Froi followed him up the dark space. He’d lost count of the steps and almost understood Arjuro’s reluctance to open the door. When they reached the Hall of Illumination, Froi walked to the balconette where he could see Gargarin watching them from across the gravina. Gargarin didn’t usually stand out on the balconette at this hour of the day, but Froi suspected he was there to see what Froi was up to.
‘Last night I dreamt of the three,’ Arjuro said over his shoulder. ‘Did he?’
‘I don’t understand.’
‘Gargarin, myself and a third who didn’t live. Throughout my life the third has returned to me in my dreams, and he has returned to me these seven nights past. I wager if you ask my brother, he’ll say the same.’
‘Is it because you have the same face? Do you dream the same things? Sense each other?’
‘It’s because of the third. He haunts us when he needs to. He was born dead.’
‘Arjuro, you’re not making sense,’ Froi said.
Arjuro was quiet a moment, as though he regretted speaking.
‘Tell me about the third,’ Froi persisted.
‘Our poor mother was a girl of fourteen. She refused to believe the third was dead and kept him in the cot alongside Gargarin and myself. Placed him on her breast as if he lived and had the life in him to suckle. Until flies and maggots crawled over us. It’s what our father used to say. “You should have been choked by the maggots and flies that shared your cot.” ’
‘He was a charming man,’ Froi said, repulsed.
‘Is,’ Arjuro corrected. ‘He’s still alive. A madman, frightened of anything strange, and three babes with the same face was too strange for him.

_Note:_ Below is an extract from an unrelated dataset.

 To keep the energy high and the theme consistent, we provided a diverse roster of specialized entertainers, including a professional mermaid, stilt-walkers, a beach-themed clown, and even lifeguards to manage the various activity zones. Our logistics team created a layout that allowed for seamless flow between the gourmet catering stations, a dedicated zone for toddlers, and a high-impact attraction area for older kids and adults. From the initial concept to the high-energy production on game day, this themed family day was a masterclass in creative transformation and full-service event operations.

So he told all in Abroi that there was only one.’
‘How could he do that if two lived?’
‘By hiding us in a hovel underneath the cottage. When we were four and old enough to work the farm, he would take us out to work one day at a time.’
Froi could not understand what Arjuro was saying. He placed a hand over the cup to stop the Priestling from pouring another drink. Arjuro looked at him and flinched. ‘You have the face of a cruel man, Olivier of Sebastabol.’

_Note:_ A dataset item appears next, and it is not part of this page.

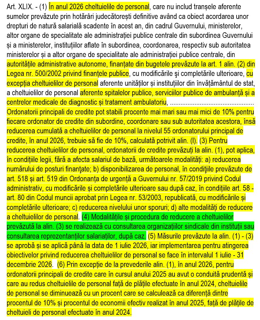 Federația subliniază că toate deciziile legate de personal vor fi luate doar după consultarea organizațiilor sindicale din unități (Art. XLIX, alin. (3)), asigurând protecția fiecărui membru de sindicat din instituțiile în care se vor aplica măsurile de austeritate. Consultările și negocierile au început deja înainte de publicarea ordonanței, la nivelul Ministerului Sănătății, care a garantat că nu vor fi afectate nici Centrele de transfuzii sanguine, nici Agenția Națională de Transplant, Institutul de Medicină Legală sau Medicina Școlară.

‘But it’s in me to be kind,’ Froi said. ‘Talk.’
Arjuro pointed to the cup and Froi removed his hand.
‘We had one name. The word for nothing in the Abroin dialect. Dafar. Nothing. One day I was Dafar and my brother stayed in the hole. The next day he was Dafar and I stayed in the hole.’
Froi was breathless. ‘Madness,’ he whispered.

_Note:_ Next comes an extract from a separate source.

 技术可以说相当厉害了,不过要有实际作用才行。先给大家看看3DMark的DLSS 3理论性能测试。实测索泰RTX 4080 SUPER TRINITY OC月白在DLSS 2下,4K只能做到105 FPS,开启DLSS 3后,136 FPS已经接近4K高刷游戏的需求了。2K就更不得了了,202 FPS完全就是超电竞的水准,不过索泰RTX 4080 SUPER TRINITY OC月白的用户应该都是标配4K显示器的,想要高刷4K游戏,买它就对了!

Arjuro nodded. ‘We named each other. Gargarin is not a Charynite name. I liked Arjuro. Gar and Ari.’ Arjuro smiled for a moment. ‘They were two adventurers in the year one hundred who wrote tales claiming they had gone beyond the Ocean of Skuldenore.’
Arjuro swallowed a cupful of wine, soaking his beard.
‘There was never a time when my brother wasn’t taking care of me. It was Gar who always had the plans to protect us from our father. I received the gift of godspeak when I was six years old, and Gar and I clutched onto each other with such joy that day. The walls of our hovel were filled with words of wonder. Blessings from the gods, wisdom from the Ancients. Gargarin’s time would come soon, we’d tell each other. We could not imagine a gift bestowed on one and not the other. What it took others months to learn, I could do in a moment. Read. Write. Translate for the gods. I wrote the symbols and taught Gargarin, for only the gods’ touched could read the raw words written by the gods themselves, and in Abroi we had the oldest caves in the kingdom. And we waited for his gift and waited, telling ourselves we would escape from the swamp of Abroi the moment it came. But it didn’t. Gargarin had not been chosen.’
Froi saw tears in Arjuro’s eyes, as though the moment he remembered had taken place just the day before.
‘Our father, being an ignorant man, was frightened by intellect and reason. And he was even more frightened by what could not be explained. He believed he could thrash it out of me, this gift that had others in awe.’ A flash of pain crossed Arjuro’s face.